[TASK STATEMENT] All lines from the one that contains "另一款新鍋底「貴州木姜子酸湯" through the close of the entries below are to be repeated exactly, without any pictures.

** RECORDS SUPPLIED follows **

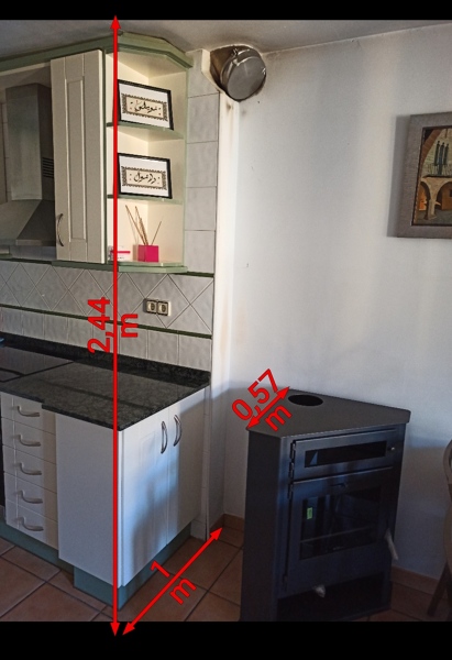 Quiero poner un tabique de 1,00x2,44 m. tal como sale en la imagen para poder poner la estufa en ese rincón sin que me fastidie los muebles no el yeso.
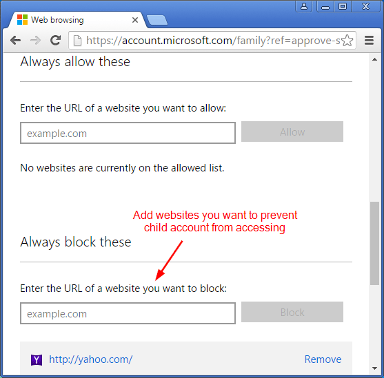 - Click the Web browsing tab and turn on “Block inappropriate websites“. Scroll down and you’ll find options for allowing specific websites, or alternatively blocking unwanted sites.
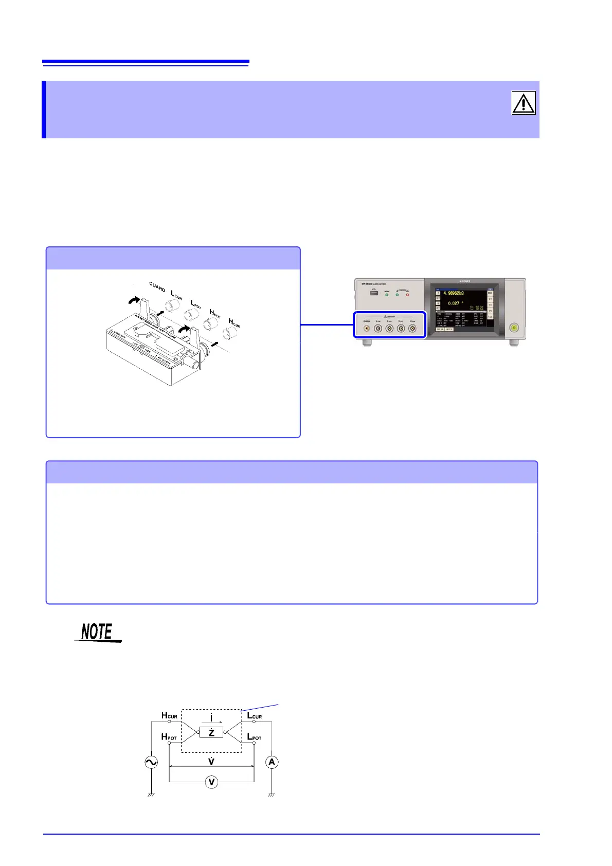 Connect your measurement cables, optional Hioki probes or test fixture to the measurement terminals.
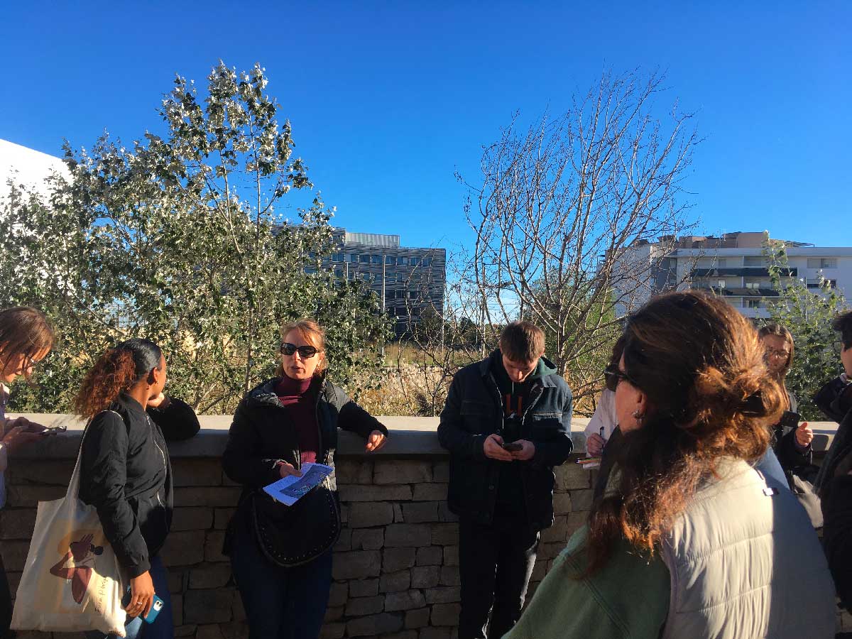 Guidés par Aurélie MARCON, ingénieur d’études en environnement, ainsi que par Lydie CHAMPONNOIS, architecte-urbaniste au CAUE 34, les étudiants ont pu découvrir un bref historique du développement urbain de Montpellier, puis le contexte de la création de cet éco-quartier, dans le cadre général de la politique des Zones d’aménagement concerté (ZAC) de Montpellier.
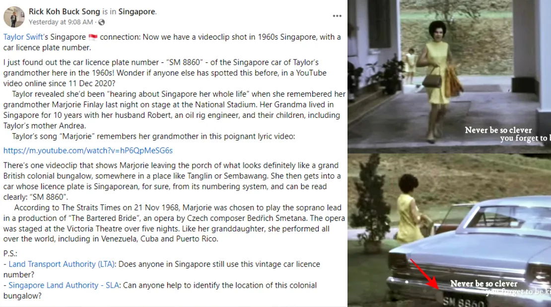 In the video, Taylor’s grandmother was seen walking out of a British colonial bungalow before hopping into a car. It was discovered that the vehicle had a Singapore-registered license plate after closer inspection. The writer also provided more information on a 1968 article about Marjorie who was cast to play the soprano lead in “The Bartered Bride”, an opera by Czech composer Bedřich Smetana. The production was staged at the Victoria Theatre over five nights.
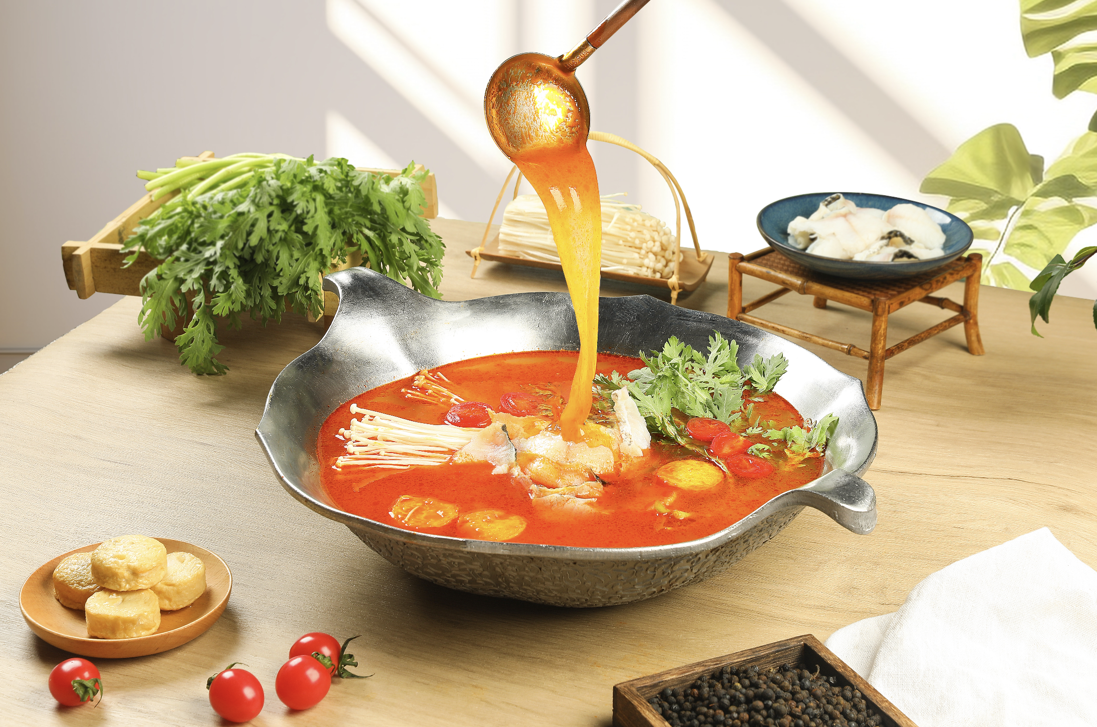 另一款新鍋底「貴州木姜子酸湯」則選用野生木薑子,結(jié)合經(jīng)過自然發(fā)酵的新鮮番茄,帶來獨特的酸湯風味。這款湯底香氣濃郁,酸甜交融,搭配牛骨熬製,適合涮牛肉、海鮮和蔬菜,能夠凸顯食材的本味,且耐久煮,風味持久。
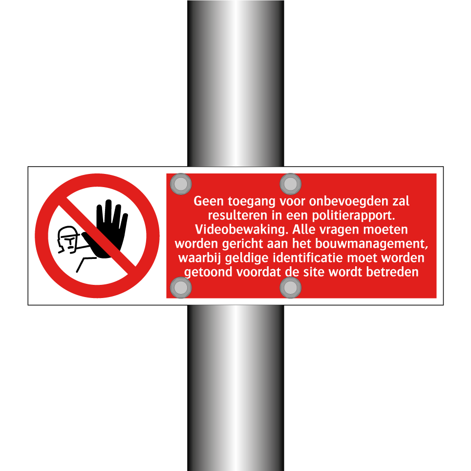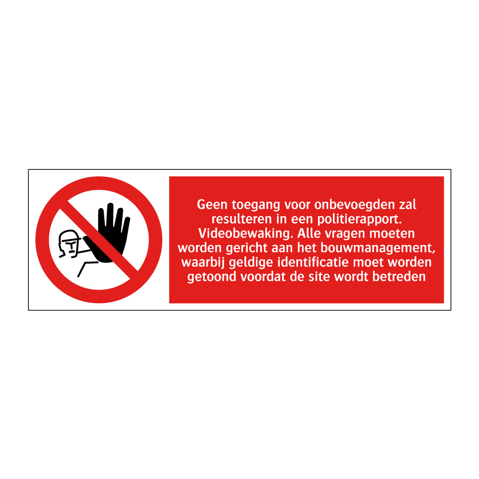 Verbodsbord met de tekst Geen toegang voor onbevoegden zal resulteren in een politierapport. Videobewaking. Alle vragen moeten worden gericht aan het bouwmanagement, waarbij geldige identificatie moet worden getoond voordat de site wordt betreden

** End of RECORDS SUPPLIED **

[RESULT]
 另一款新鍋底「貴州木姜子酸湯」則選用野生木薑子,結(jié)合經(jīng)過自然發(fā)酵的新鮮番茄,帶來獨特的酸湯風味。這款湯底香氣濃郁,酸甜交融,搭配牛骨熬製,適合涮牛肉、海鮮和蔬菜,能夠凸顯食材的本味,且耐久煮,風味持久。
 Verbodsbord met de tekst Geen toegang voor onbevoegden zal resulteren in een politierapport. Videobewaking. Alle vragen moeten worden gericht aan het bouwmanagement, waarbij geldige identificatie moet worden getoond voordat de site wordt betreden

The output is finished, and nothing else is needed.